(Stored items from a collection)
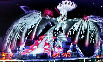 デストロイドラグは単純にLIFEと攻撃力が高いパワータイプですが、「マッスルアイ」という行動を一回休みにする技も使ってきます。防御力を高めて、回復は早めに。能力低下系のスキルが決まれば幾分楽なんですが。
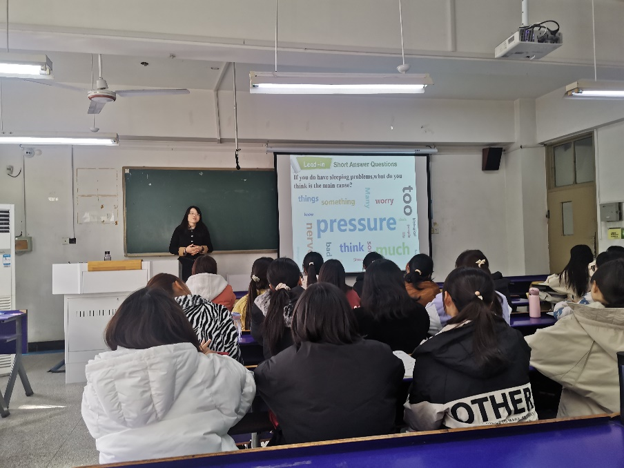 陈佩在授课过程中,以《纲要》为导向,结合教材的内容,从生理(Physiology)和心理(Psychology)的角度介绍了有关“Sleep and Dreams”的基本知识,围绕“大学生要培养良好生活习惯”的主题展开课程,凸显出课程的知识性和人文性。在有关如何养成良好生活习惯的教学内容中,陈佩根据教材提出了三点建议:1. Stick to a regular sleep schedule; 2. Get regular vigorous exercises; 3. The appropriate time for the scheduled exercises,引导同学们要重视良好生活习惯的养成,锻炼好身体,更好地投入学习,真正做到“请党放心,强国有我” 。同学们也表示一定要养成良好的生活习惯,按时作息,确保奋斗正青春,把青春献给党。
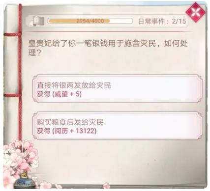 萌新前期建议优先选择各类散、丸(积攒起来,等剧情关卡过不去时,再消耗气势属性的散丸提升具有气势特长的伙伴,药水可不选);其次选择威望值,由于巡宫里多数玩法以及办差时委派伙伴,都要达到相应身份才能解锁,因此要尽快晋升身份,解锁玩法并增加收益。
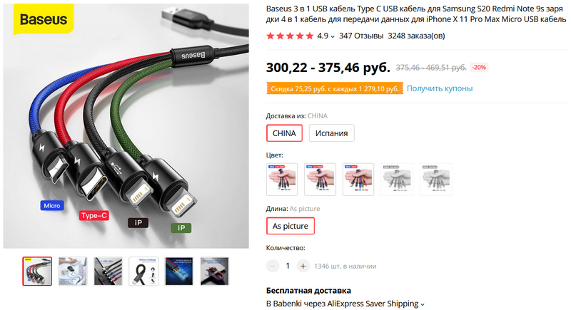 > зарядный кабель от Baseus - "3 в 1" и даже "4 в 1".
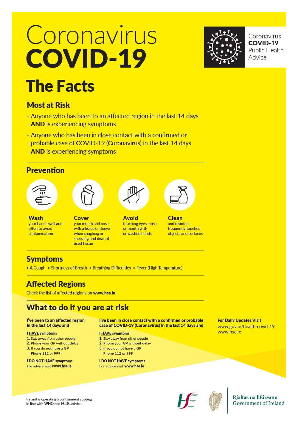 İrlanda’da kamuoyuyla paylaşılan koronavirüs salgınıyle ilgili duyurularda “Rialtas na hÉireann”, “Government of Ireland”, yani İrlanda Hükümeti ile Sağlık Hizmetleri Birimi ( Health Service Executive – HSE) logosunun yer aldığı görülebiliyor.
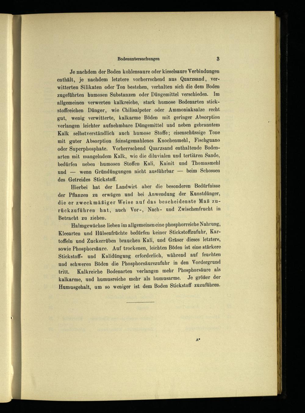 Je nachdem der Boden kohlensaure oder kieselsaure Verbindungen enthält, je nachdem letztere vorherrschend aus Quarzsand, verwitterten Silikaten oder Ton bestehen, verhalten sich die dem Boden zugeführten humosen Substanzen oder Düngemittel verschieden. Im allgemeinen verwerten kalkreiche, stark humose Bodenarten stickstoffreichen Dünger, wie Chilisalpeter oder Ammoniaksalze recht gut, wenig verwitterte, kalkarme Böden mit geringer Absorption verlangen leichter aufnehmbare Düngemittel und neben gebranntem Kalk selbstverständlich auch humose Stoffe; eisenschüssige Tone mit guter Absorption feinstgemahlenes Knochenmehl, Fischguano oder Superphosphate. Vorherrschend Quarzsand enthaltende Bodenarten mit mangelndem Kalk, wie die diluvialen und tertiären Sande, bedürfen neben humosen Stoffen Kali, Kainit und Thomasmehl und— wenn Gründüngungen nicht ausführbar— beim Schossen des Getreides Stickstoff.
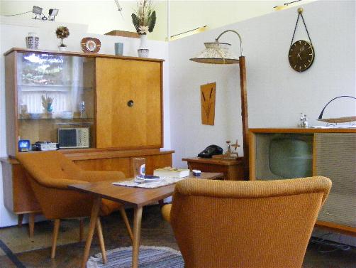 Des Weiteren ist dargestellt, in Wohnzimmern aus verschiedenen Zeitepochen, das Leben mit der Unterhaltungselektronik, von den Anfängen bis in die 70er Jahre.
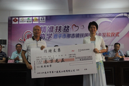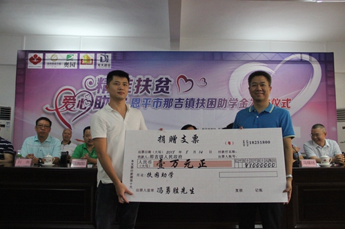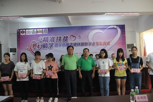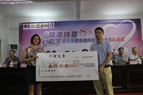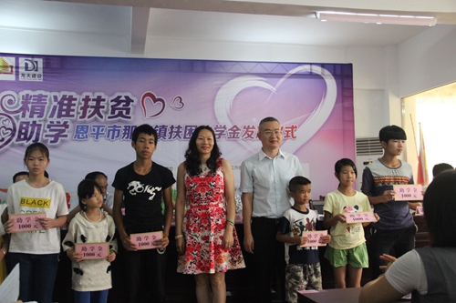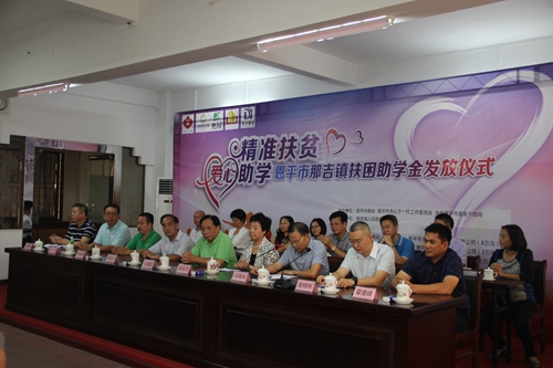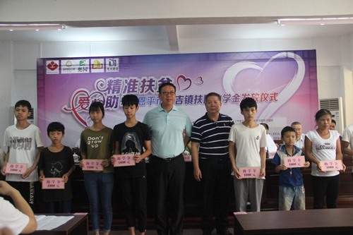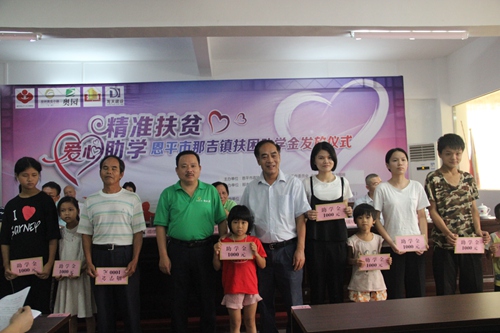 出席活动的领导嘉宾分批为学生发放助学金。本次受资助学生一共有91人,其中今年考上本科的20名新大学生,每人获得5000元助学金;11名在校的中专生及高中生,每人获3000元助学金;其他60名在校初中及小学学生,每人获得1000元助学金。
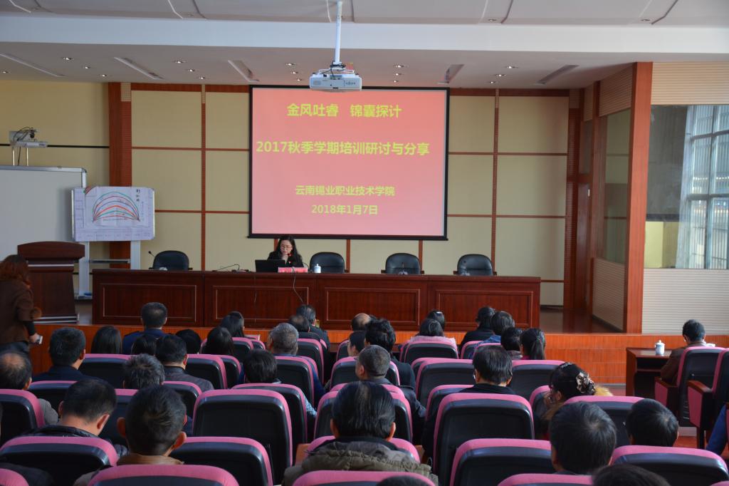 1月7日下午2:30分,学院在图书馆一楼报告厅举行了2017秋季学期教师培训研讨与分享活动。学院领导班子成员以及全院教职工参加了本次活动。活动由教务科研处处长潘薇主持,
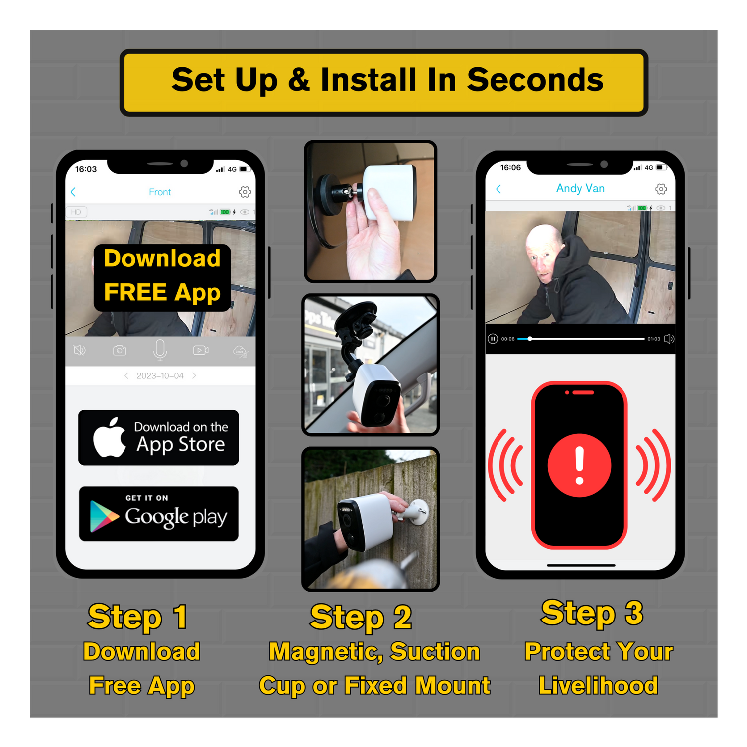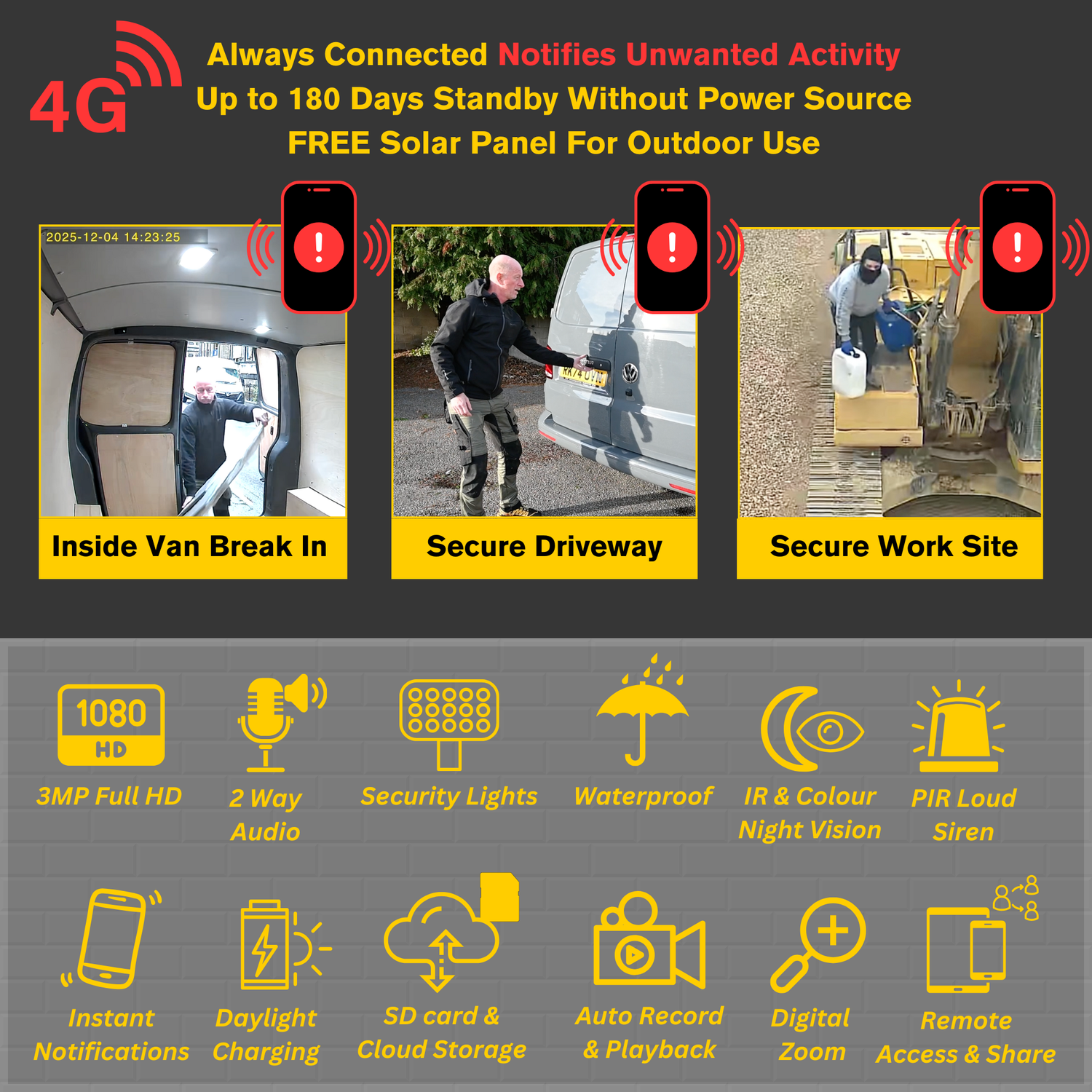 Guard My Van, The Ultimate 4G Security Camera For Your Van - Alerts, Records, and Deters Intruders with Siren & Security Lights
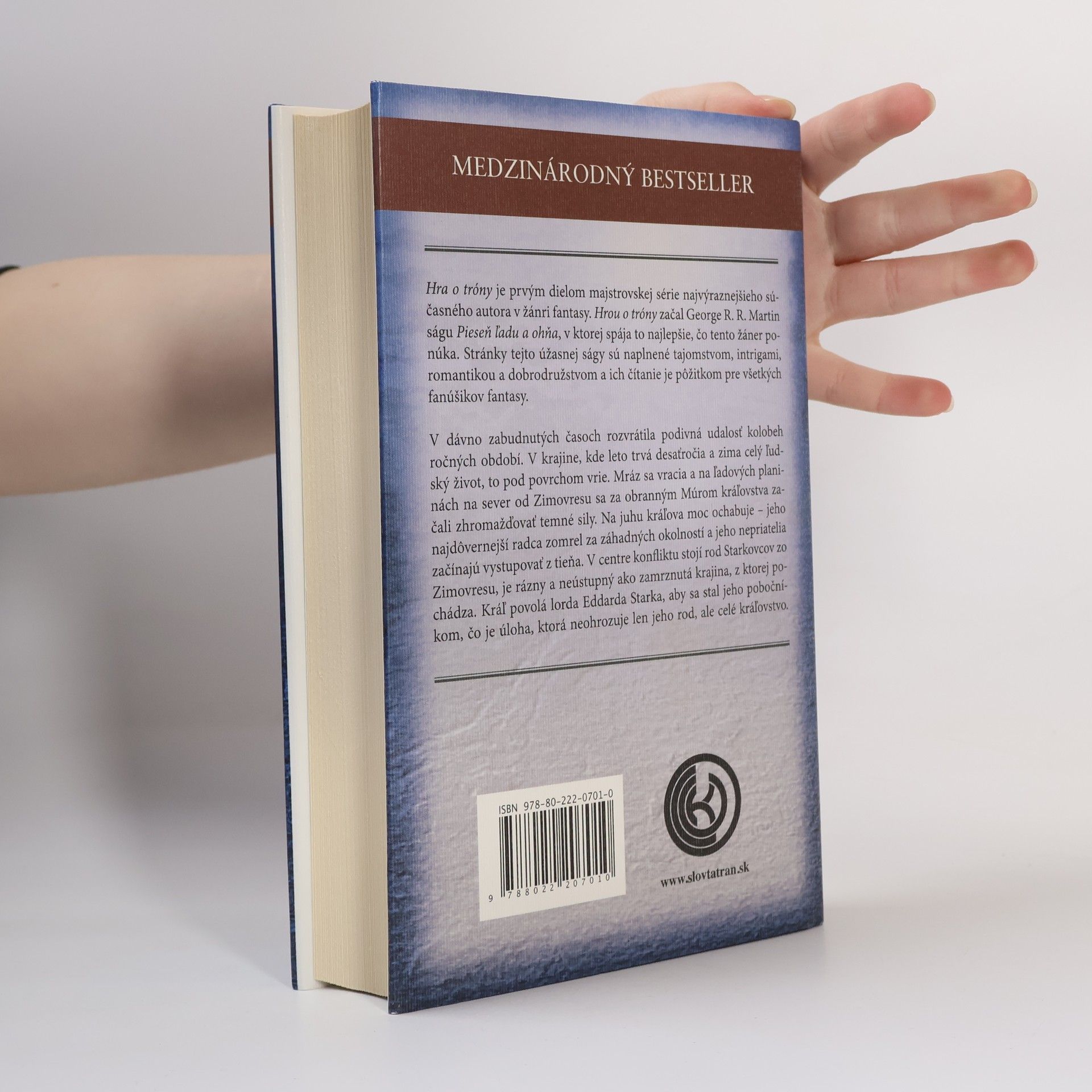 Hra o tróny rozpráva príbeh, ktorý prechádza z krutej krajiny ľadu do letného kráľovstva epikurejského bohatstva, kde sa rozpletajú osudy lordov a dám, vojakov a čarodejníkov, vrahov a zloduchov, stretávajúce sa v časoch zlovestných znamení. Záhadná skupina bojovníkov s mečmi z neznámeho kovu, kmeň divochov, privádzajúci ľudí do šialenstva, krutý dračí princ, ktorý vymení svoju sestru za trón, dieťa strácajúce sa v súmraku medzi životom a smrťou a odhodlaná žena, ktorá sa vydáva na zradnú cestu, aby ochránila všetko, čo je jej drahé. Uprostred celého tohto diania, príbehov plných tragédií aj zrady, spojencov aj nepriateľov visí osud rodu Starkovcov na vlásku. Z každej strany čelia útokom a snažia sa zvíťaziť v najkrutejšej z bitiek – v hre o tróny.
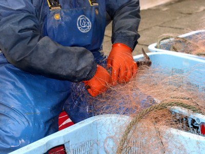 ホッケは礼文町の漁獲量の半分以上を占め水揚げ金額の約20パーセントを占める重要な魚種です。定置網もありますが主力は刺網で、ほとんどのホッケは刺し網で漁獲されています。ほっけ刺し網漁業は漁期も半年以上と長いうえ、網はずしにパートを必要とするので、島の一大産業になっています。
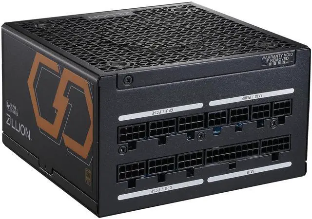Super Flower Zillion FG 1250W Cybenetics Platinum, 80+ Gold, Full Modular, ATX 3.1 / PCIe 5.0, W/12V-2x6 Cable (2x8pin - 16pin native cables), Power Supply, FDB Fan, SF-1250Z12FG, Black version
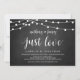 Nada Hermoso y Sencillo, Solo Amor, Tarjeta de Anuncio de Boda / Invitación de Fiesta, con diseño rústico moderno, Luces de Cadena de Granja, tema Pizarra. Esto es perfecto para la recepción de su boda y la fiesta de celebración después de la boda. Agregue sus detalles en la fuente / letra coincidente.
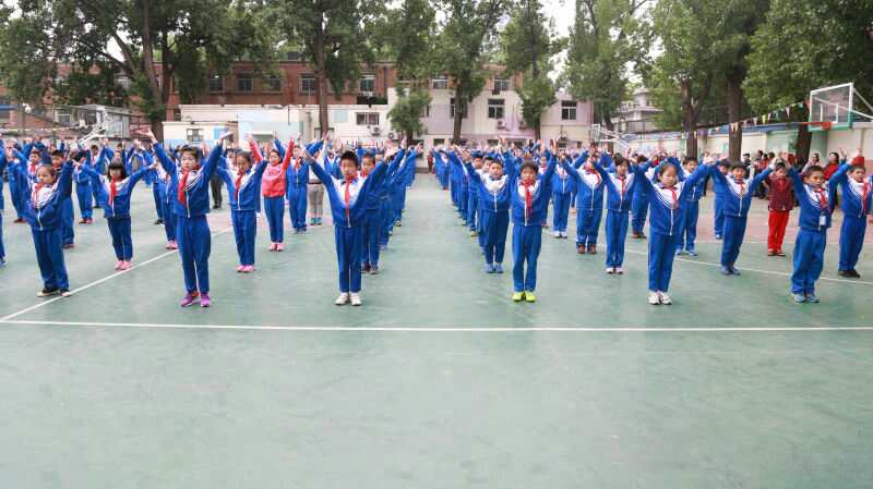 課間操展示活動中,主要由學生展示國家規(guī)定的《希望風帆》、《七彩陽光》兩套廣播體操和師生自主編創(chuàng)的《健康歌》、《水果拳》兩套課間操。

- [Task prompt] Write out the lines above from the one with "İrlanda’da kamuoyuyla paylaşılan" through the one with "Guard My Van, The", ends included, exactly; no picture goes in.

- [Solution]
 İrlanda’da kamuoyuyla paylaşılan koronavirüs salgınıyle ilgili duyurularda “Rialtas na hÉireann”, “Government of Ireland”, yani İrlanda Hükümeti ile Sağlık Hizmetleri Birimi ( Health Service Executive – HSE) logosunun yer aldığı görülebiliyor.
 Je nachdem der Boden kohlensaure oder kieselsaure Verbindungen enthält, je nachdem letztere vorherrschend aus Quarzsand, verwitterten Silikaten oder Ton bestehen, verhalten sich die dem Boden zugeführten humosen Substanzen oder Düngemittel verschieden. Im allgemeinen verwerten kalkreiche, stark humose Bodenarten stickstoffreichen Dünger, wie Chilisalpeter oder Ammoniaksalze recht gut, wenig verwitterte, kalkarme Böden mit geringer Absorption verlangen leichter aufnehmbare Düngemittel und neben gebranntem Kalk selbstverständlich auch humose Stoffe; eisenschüssige Tone mit guter Absorption feinstgemahlenes Knochenmehl, Fischguano oder Superphosphate. Vorherrschend Quarzsand enthaltende Bodenarten mit mangelndem Kalk, wie die diluvialen und tertiären Sande, bedürfen neben humosen Stoffen Kali, Kainit und Thomasmehl und— wenn Gründüngungen nicht ausführbar— beim Schossen des Getreides Stickstoff.
 Des Weiteren ist dargestellt, in Wohnzimmern aus verschiedenen Zeitepochen, das Leben mit der Unterhaltungselektronik, von den Anfängen bis in die 70er Jahre.
 出席活动的领导嘉宾分批为学生发放助学金。本次受资助学生一共有91人,其中今年考上本科的20名新大学生,每人获得5000元助学金;11名在校的中专生及高中生,每人获3000元助学金;其他60名在校初中及小学学生,每人获得1000元助学金。
 1月7日下午2:30分,学院在图书馆一楼报告厅举行了2017秋季学期教师培训研讨与分享活动。学院领导班子成员以及全院教职工参加了本次活动。活动由教务科研处处长潘薇主持,
 Guard My Van, The Ultimate 4G Security Camera For Your Van - Alerts, Records, and Deters Intruders with Siren & Security Lights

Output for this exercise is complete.